Flat-Out Fantastic
(2 of 4)
So it went to a penalty-kick shoot-out, which soccer players dread. The pressure is enormous, the consequences huge and the shoot-out no real indicator that the best team won. "There are two champions here," noted coach DiCicco diplomatically after the match. "There is only one taking the World Cup home." But the shoot-out is soccer's tie breaker: 12 yds. out, shooter against keeper, with the odds overwhelmingly against the keeper. That was true of the first four penalty kicks. On China's third shot, however, Scurry stepped forward, guessed left and threw herself in that direction, where she met Liu Ying's kick. "I just went totally on instinct," she said. "I knew if I could get one, it would be O.K." The crowd erupted and, after Lilly's left-footer beat Chinese goalie Gao, sensed something big was about to happen. China's next two shooters, Zhang Ouying and Sun, calmly found their marks, leaving it all up to Chastain, who had committed a huge gaffe against Germany in the quarterfinals when she scored in her own net. This time she found the right one, prompting the spontaneous strip. "Momentary insanity, nothing more, nothing less," she explained. "I wasn't thinking about anything. I thought, My God, this is the greatest moment of my life on a soccer field! I just lost my head."
Even before Chastain's heroics, something magical had been brewing for this team as the tournament progressed. As the NHL and NBA playoffs came and went--Dallas and San Antonio, remember them?--this was the one sports story that continued to build like a thunderstorm.
Four years ago in Sweden, the American team was dismissed in the semifinals before a scant 3,000 souls.
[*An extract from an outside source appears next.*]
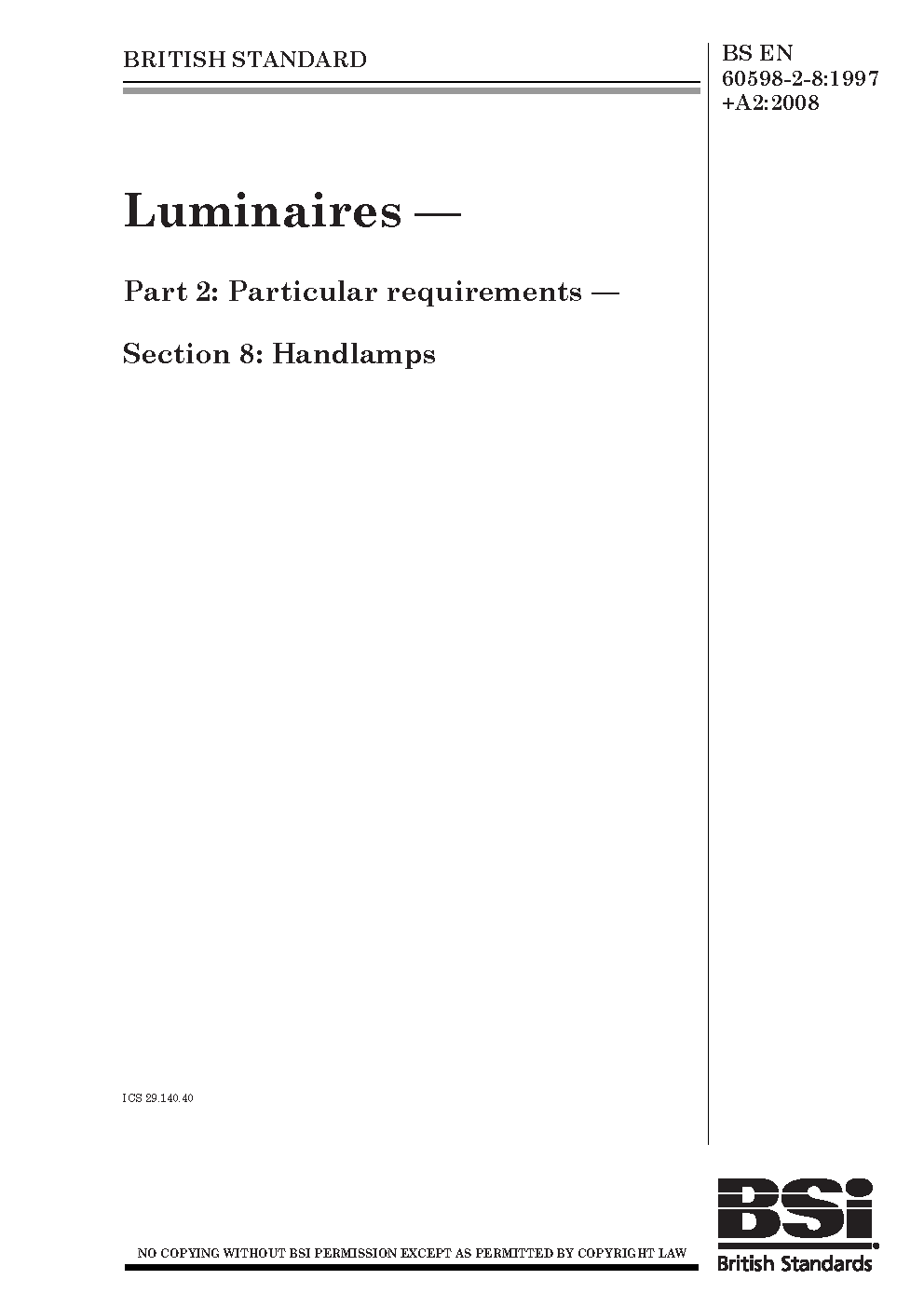 Testing conditions;Lighting equipment;Flexible conductors;Tungsten lamps;Discharge lamps;Electric lamps;Incandescent lamps;Endurance testing;Marking;Bend testing;Fluorescent lamps;Portable;Filament lamps;Hand-portable lamps;Luminaires;Thermal testing;Impact testing;Protected electrical equipment;Mechanical testing

In the days before last week's final, nearly that many fans were showing up to watch the team practice, and the players needed police escorts to make their way off the field. Foudy described this spring's frenzied postgame autograph sessions as a "Beatles-concert-slash-slumber-party." Teenagers, boys and girls, have besieged them, and several of the players tell stories of girls' breaking into tears upon receiving an autograph--or just getting near team members. "It's showing little girls that they have something to look up to if they want to play sports," said Rashad Brown, 32, of Hacienda Heights, Calif., as he led his three daughters--a future midfield perhaps--toward the Rose Bowl for the final. Said his wife Margarita: "Before, we never had this kind of support for a women's event. It's great for our daughters to see such a large crowd supporting a women's event."
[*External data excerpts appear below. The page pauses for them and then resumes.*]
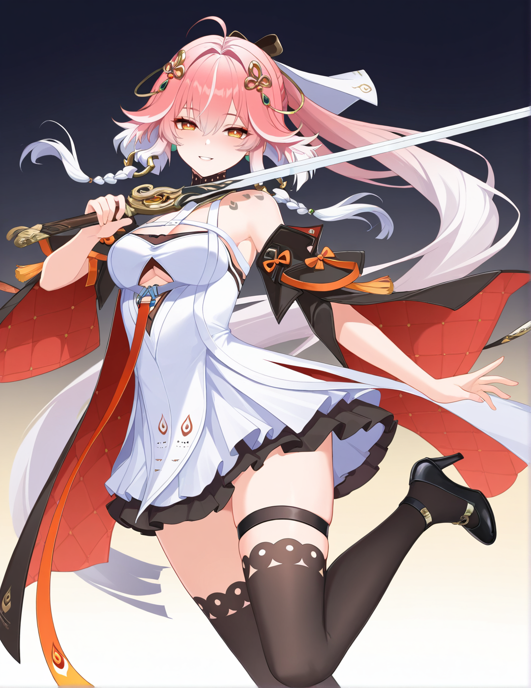 | トレーニングワード | changli, 1girl, solo, long hair, pink hair, yellow eyes, multicolored hair, hair ornament, white dress, sleeveless dress, large breasts, yellow eyes, pink hair, multicolored hair, black thighhighs, twin braids, thigh strap, short dress, cleavage cutout, armlet, anklet, arm strap, high heels コピーしました! Changli, 1girl, solo, hair ornament, cleavage, jewelry, bare shoulders, very long hair, medium breasts, yellow eyes, white hair, pink hair, ponytail, multicolored hair, earrings, black sleeves, detached sleeves, sleeveless, black thighhighs, sword, black footwear, white dress, two-tone hair, high heels, orange eyes, zettai ryouiki, thigh strap, gradient hair, tattoo, short dress, tassel, underboob cutout, black underskirt, black coat コピーしました! |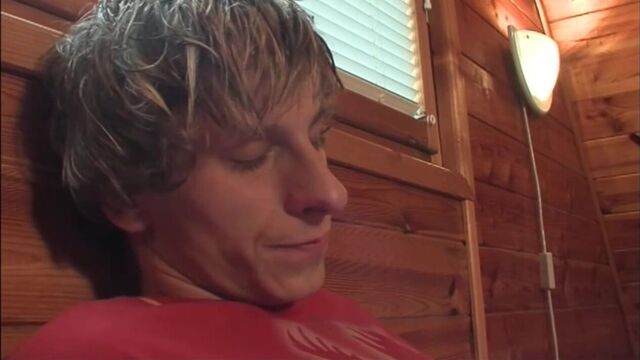 Tall and lean, our blond biker Elliot strips out of his gear for a sly wank, playing with his huge boy cock. His pretty mate catches him at it, and wraps his hungry mouth around this massive member.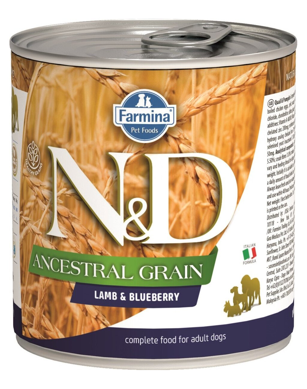 Agneau (50%), hareng, œufs de poule cuits, épeautre, avoine, huile de poisson, myrtilles (2%), fructo-oligosaccharides, chlorure de choline, sulfate de chondroïtine, glucosamine, vitamines, minéraux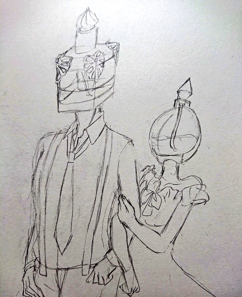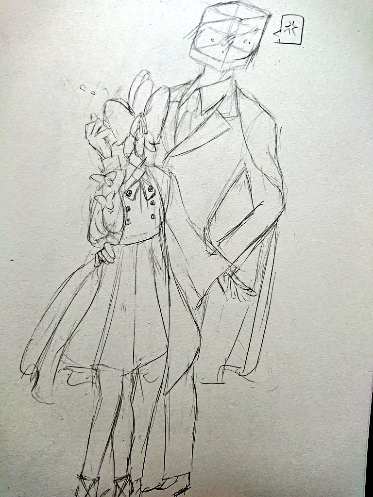 『bossの愛人と噂された猫腕時計さんの話』(4/8) 黒猫娘さん(@Illustratorncat)との合作です!! #黒猫娘ファンアート #無秩序な異形頭 #虚無な異形頭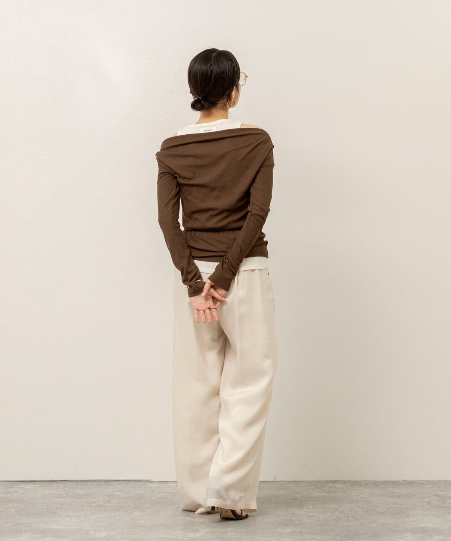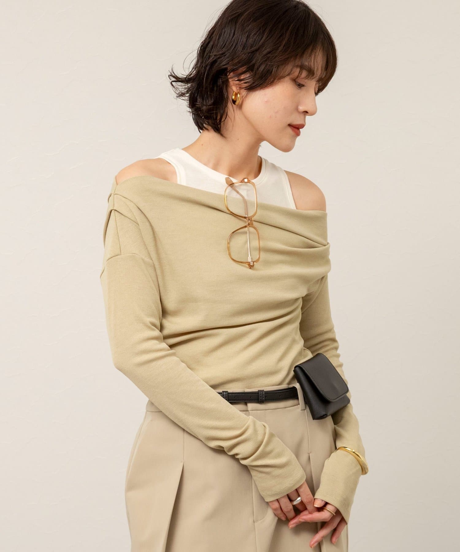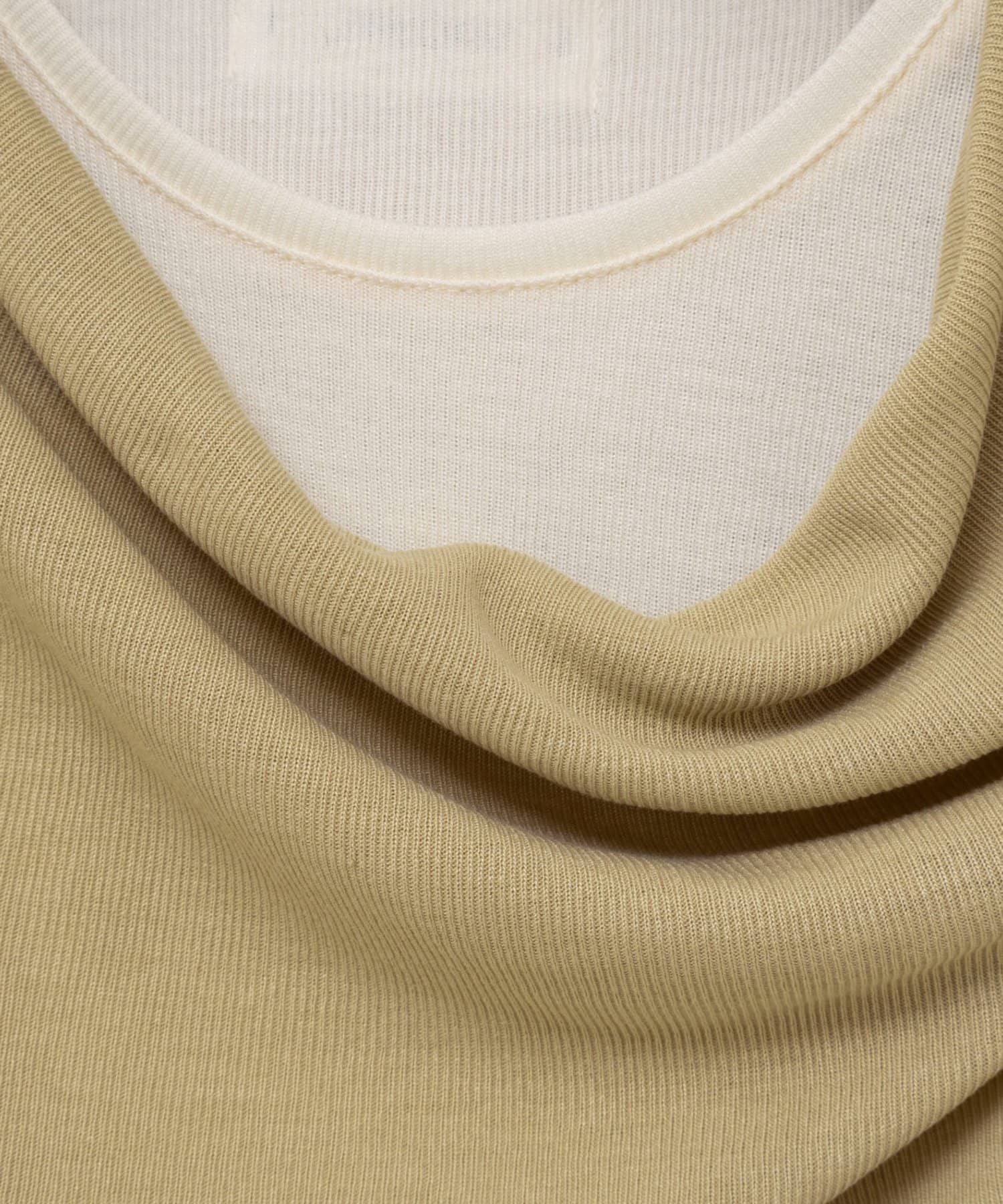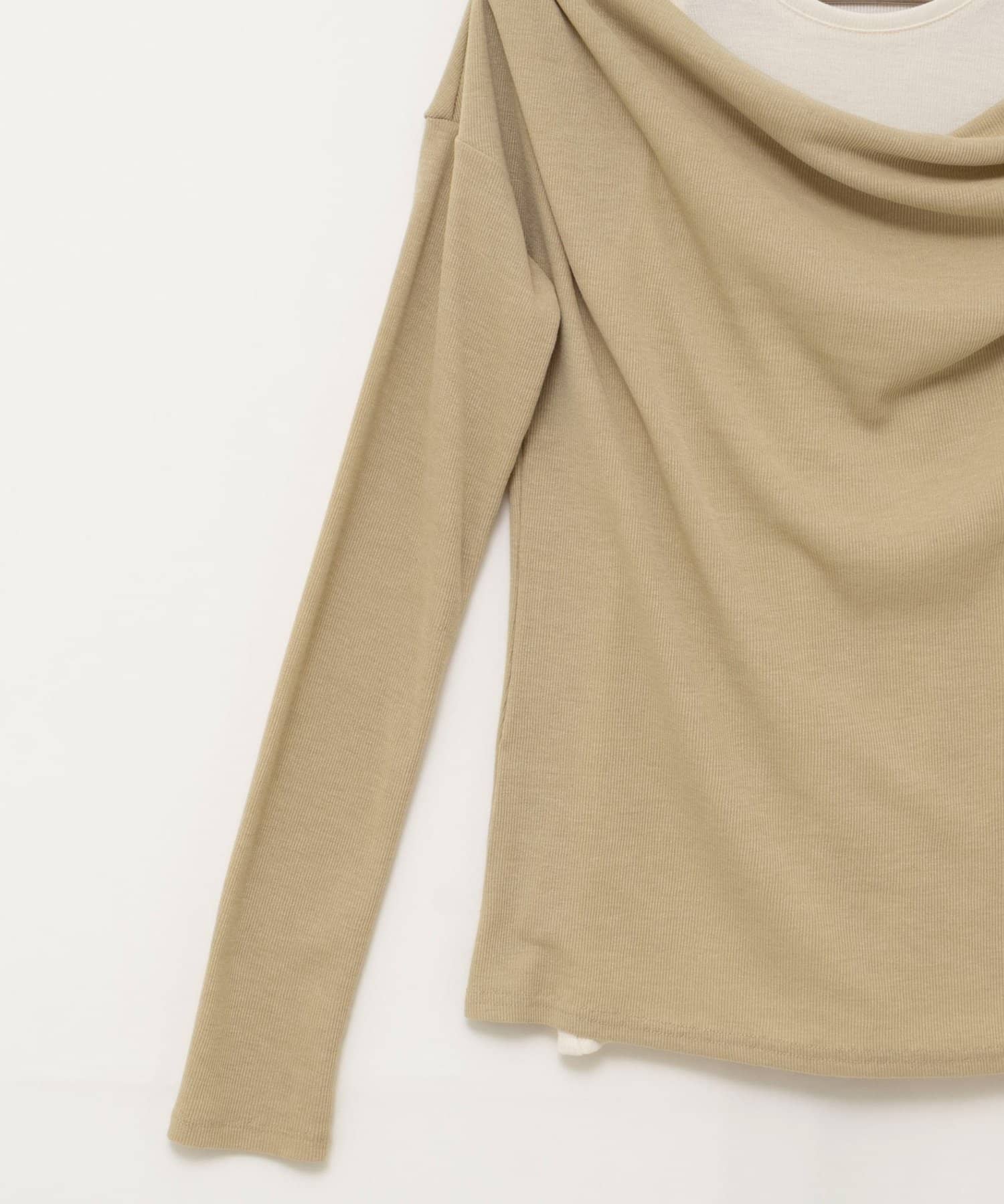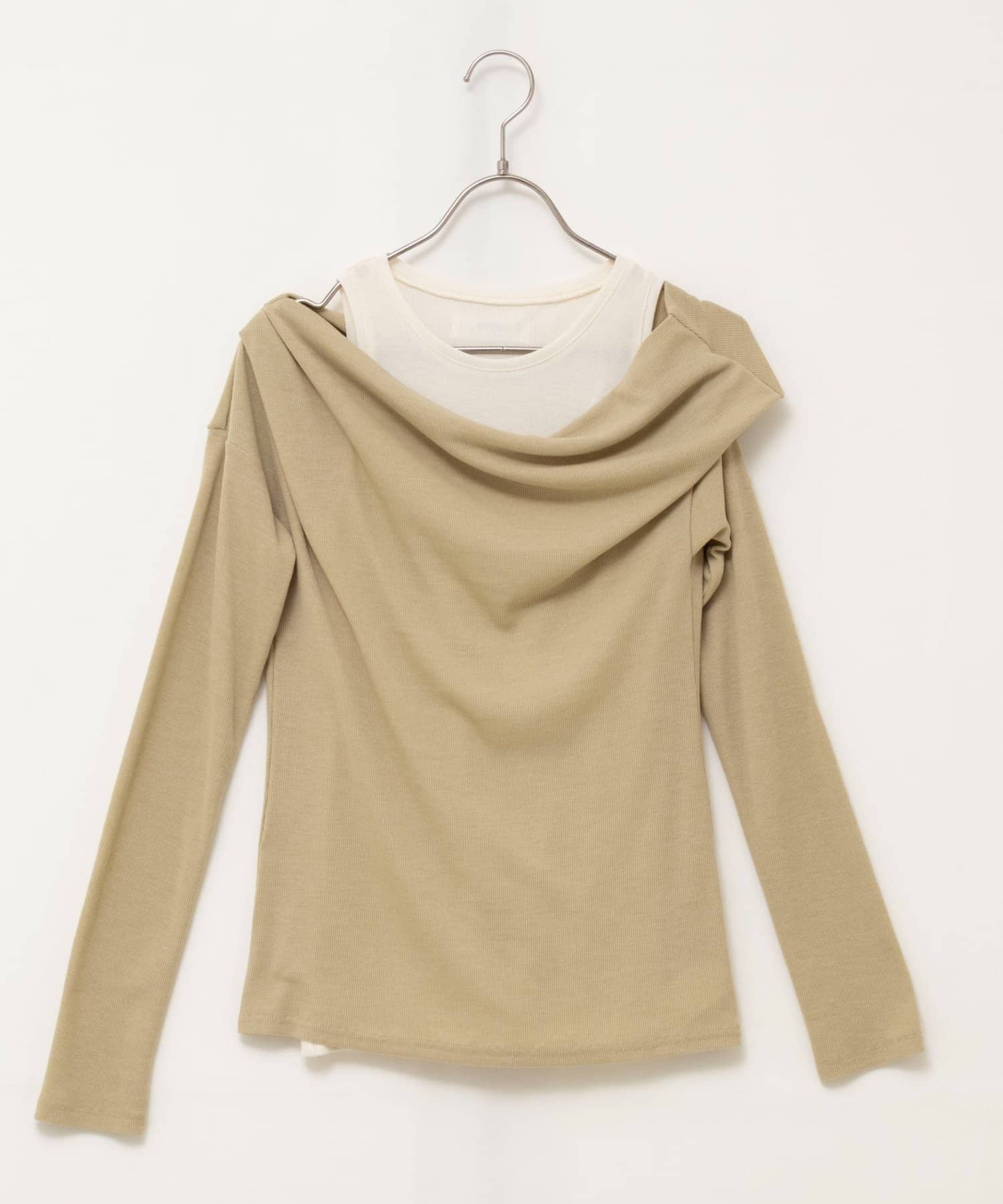 ・抜け感のあるドレープデザインが、女性らしい雰囲気を演出するレイヤードドレープロンT

Make no mistake: this is a campaign that has been carefully managed and almost perfectly marketed by the Women's World Cup Organizing Committee and such team and event sponsors as Nike, Gatorade, Adidas and Bud Light. Each of the games has been televised and accompanied by ingenious advertising.
Marla Messing, CEO of the organizing committee, had persuaded soccer's mostly male pooh-bahs at the Federation Internationale de Football Association to stage the games in big stadiums. Messing knew Americans love big events, but she also sensed that the moment had arrived. "We have established a world-class, world-caliber, stand-alone event for women like none other," she crowed. "In a small way, we have all been a part of history. The sport of women's soccer is growing around the world."